The barn-door problem

News that the national foreclosure rate is higher than at any time since the Great Depression is obviously not good. But, it has one positive side. It reveals the driving force of the whole finance, insurance and real estate sector of the economy, the "lending industry," as the Fresno Bee put it in the editorial below.

In the growing subprime-load debacle, in which Merced has the dubious distinction of leading all other jurisdictions in California with 22-percent subprime loans (nearly twice as high as the national average), the press sets aside the environmental damage done to Merced and the San Joaquin region by the building boom -- air quality, water quality and quantity, endangered species taken -- the amount of farm land paved over, the failure of elected local land-use authorities to in any way compel development to pay for itself, and the general scoff-law attitude of elected officials and city and county staff toward any laws that stand in the way of development.

Almost every lawsuit filed on these issues in the last seven years has had a provision asking for a county General Plan update.
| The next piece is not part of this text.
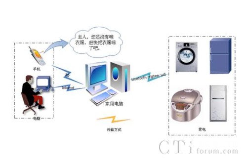 家電遠控系統(tǒng)的原理是利用電腦或者手機的電源管理系統(tǒng),來管理用戶終端軟件管理電源的開關、定時、預設時間等,利用互聯(lián)網(wǎng)或者手機網(wǎng)絡把信號傳輸?shù)郊彝ル娔X,家庭電腦當作小型服務器或者信號轉發(fā)點,把信號利用藍牙、zigbee、wifi等無線傳輸?shù)街付ǖ碾娫床遄,當然每個電源插座都要有相應的信號接收模塊實現(xiàn)和家庭電腦的信號傳輸,實現(xiàn)了對電源的管理功能。家電遠控終端軟件嵌入語音合成軟件,利用合成語音報讀預設的提醒內(nèi)容和時間提醒,具有危急情況下的報警功能。當然如果我們是在家里,可以直接用手機通過藍牙對電源插座進行管理,或者通過家庭電腦進行管理。如圖所示:
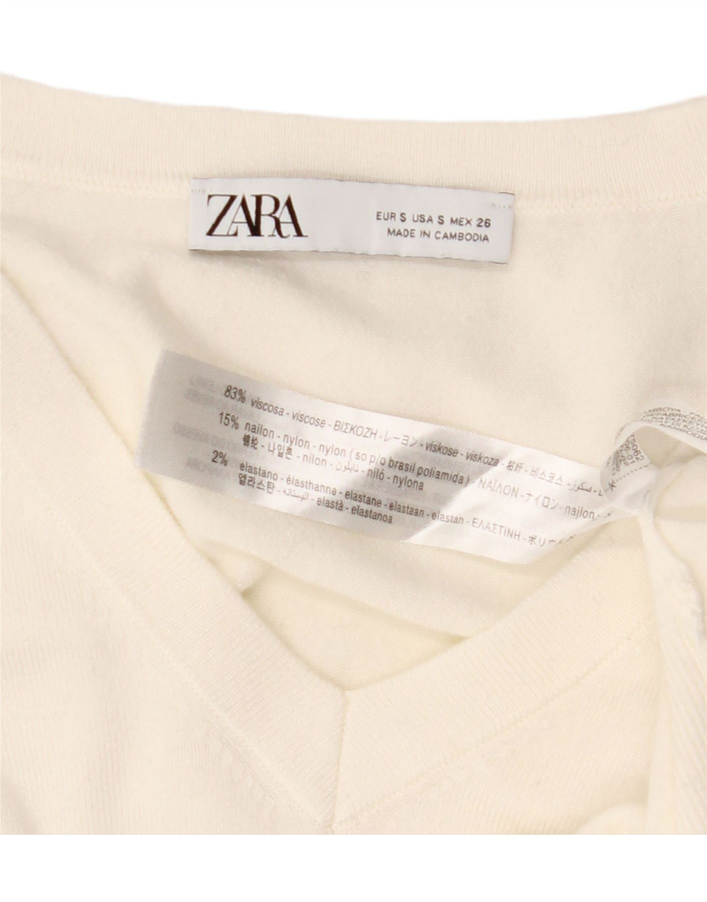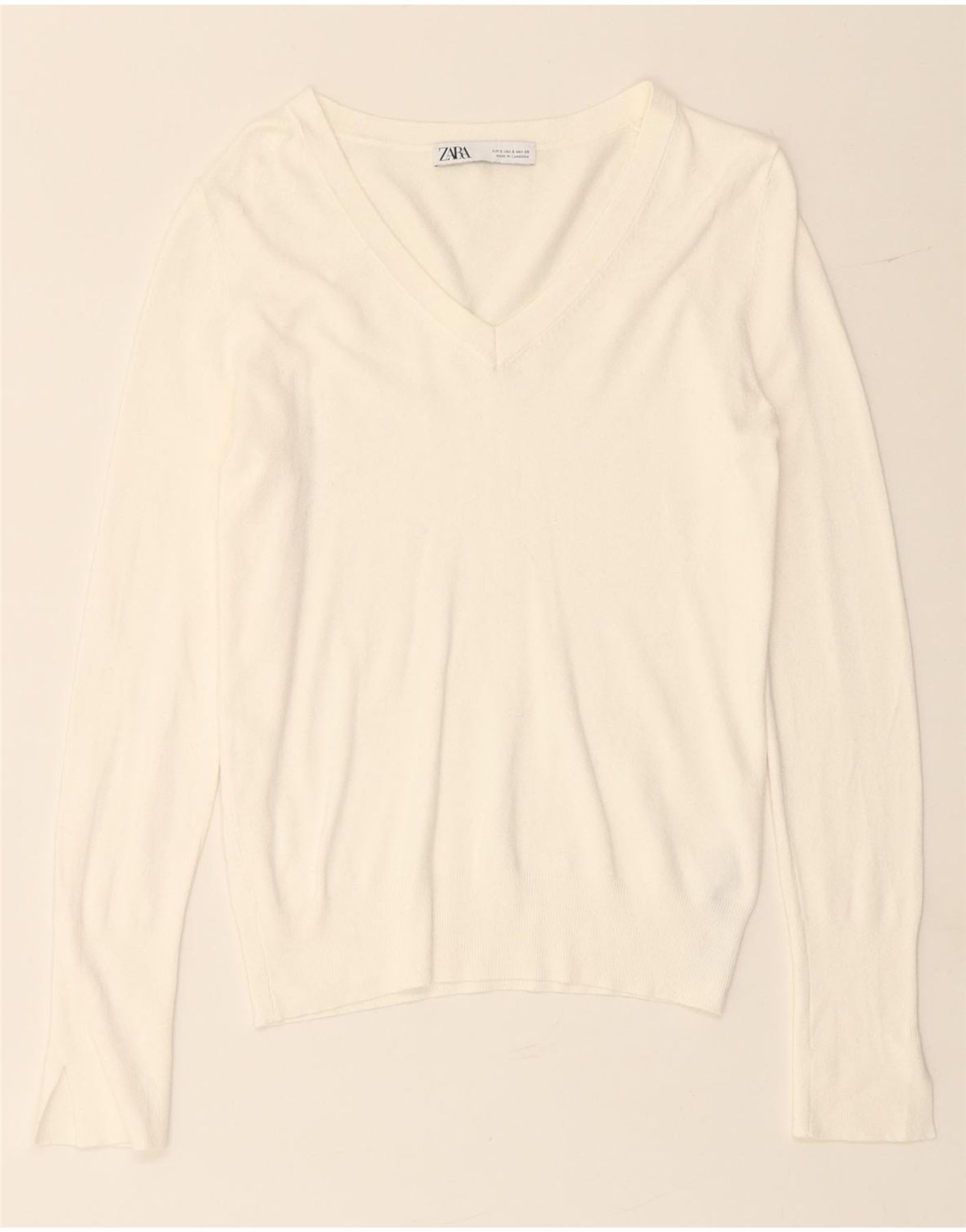 Pulover cu decolteu în V ZARA pentru femei UK 10 Small White Viscose

Last year, Merced County agreed to one, guided by a secret steering committee, and the process lumbers along with hand-picked "members of the public" to validate the deal. Meanwhile, the existing General Plan, the document that was supposed to have guided development in the county, was never updated even to account for UC Merced, much less for the development boom the campus caused. It was, instead, constantly "amended," which by statute it must be to accommodate major development projects. The present General Plan is a shapeless mass of amendments documenting chaotic growth.

Even those who have not followed the development process in Merced during the past seven years must see that the present General Plan update process is no more than a pretense of pushing an open barn door toward a closed position long after the horses have left the barn, the corral and the ranch.

Among the many public lies the Merced development boom entailed was that UC Merced was immediately necessary to accommodate the "Tidal Wave II" of UC students. That deception has also been revealed.

A cabal of politicians, developers (some of them UC regents), UC administrators, large local landowners, local insurance interests, the UC/Great Valley Center, and enabled by the "lending industry," local realtors and planning staff, created this unfortunate situation, unprecidented since the Great Depression.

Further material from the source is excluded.